The rise in network perimeter device exploitation was also observed by Google’s Mandiant division, which specializes in incident response investigations. In its own annual report, Mandiant noted that vulnerability exploits remained the top initial access method in 2024 and vulnerabilities in security and networking appliances were at the top of the list of exploited flaws.

Goals and motivations behind zero-day exploitation

Cyberespionage groups were responsible for the largest number of zero-days last year (17), with Chinese groups responsible for five, North Korea for five, Russia for one, and South Korea for one. North Korea is a special case because its APT groups engage in both cyberespionage and financially motivated crimes to fund the regime. Another two zero-day flaws were attributed to Russian groups that are not state affiliated but also engage in both financial crimes and cyberespionage.

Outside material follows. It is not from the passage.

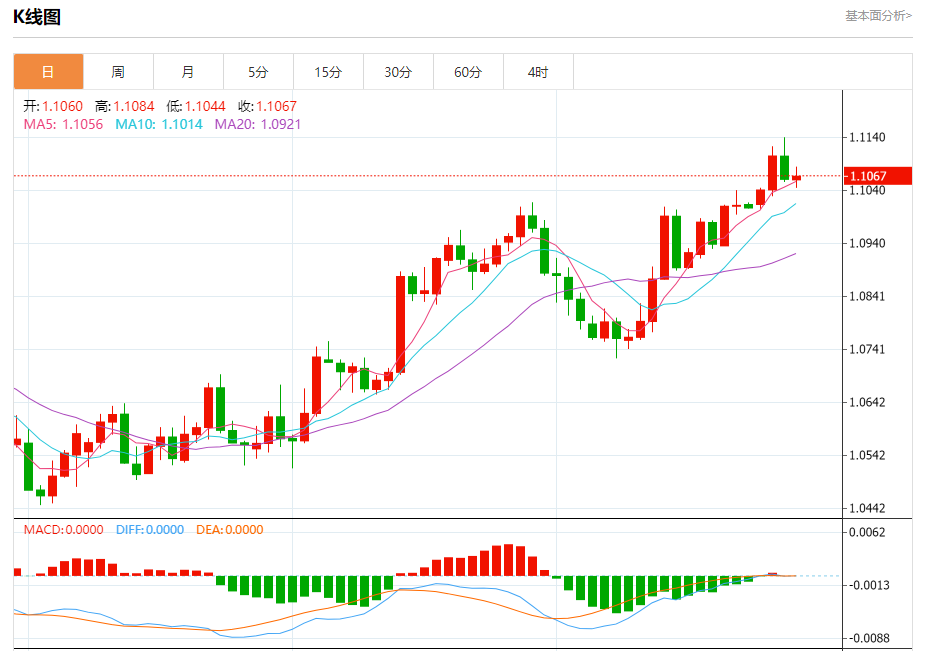 周五盘中,欧元/美元报1.1067,涨幅0.05%。

Three zero days were used in cyberespionage attacks that did not tip sufficient information about the location of the attackers. CSVs were responsible for eight zero days, followed by non-state-backed financially motivated groups with five.

“We attributed the exploitation of 34 zero-day vulnerabilities in 2024, just under half of the total 75 we identified in 2024,” the GTIG researchers wrote. “While the proportion of exploitation that we could attribute to a threat actor dipped slightly from our analysis of zero-days in 2023, it is still significantly higher than the ~30% we attributed in 2022.”

As far as the types of flaws goes, the most common source for vulnerabilities were use-after-free memory issues (8), followed by OS command injection (8), and cross-site scripting (XSS) issues (6). Command and code injections weaknesses were almost exclusively encountered on network and security appliances and software. Remote code execution and privilege escalation were the most common impacts of the zero-day flaws identified in 2024.

“Defending against zero-day exploitation continues to be a race of strategy and prioritization,” the GTIG team said. “Not only are zero-day vulnerabilities becoming easier to procure, but attackers finding use in new types of technology may strain less experienced vendors. While organizations have historically been left to prioritize patching processes based on personal or organizational threats and attack surfaces, broader trends can inform a more specific approach alongside lessons learned from major vendors’ mitigation efforts.”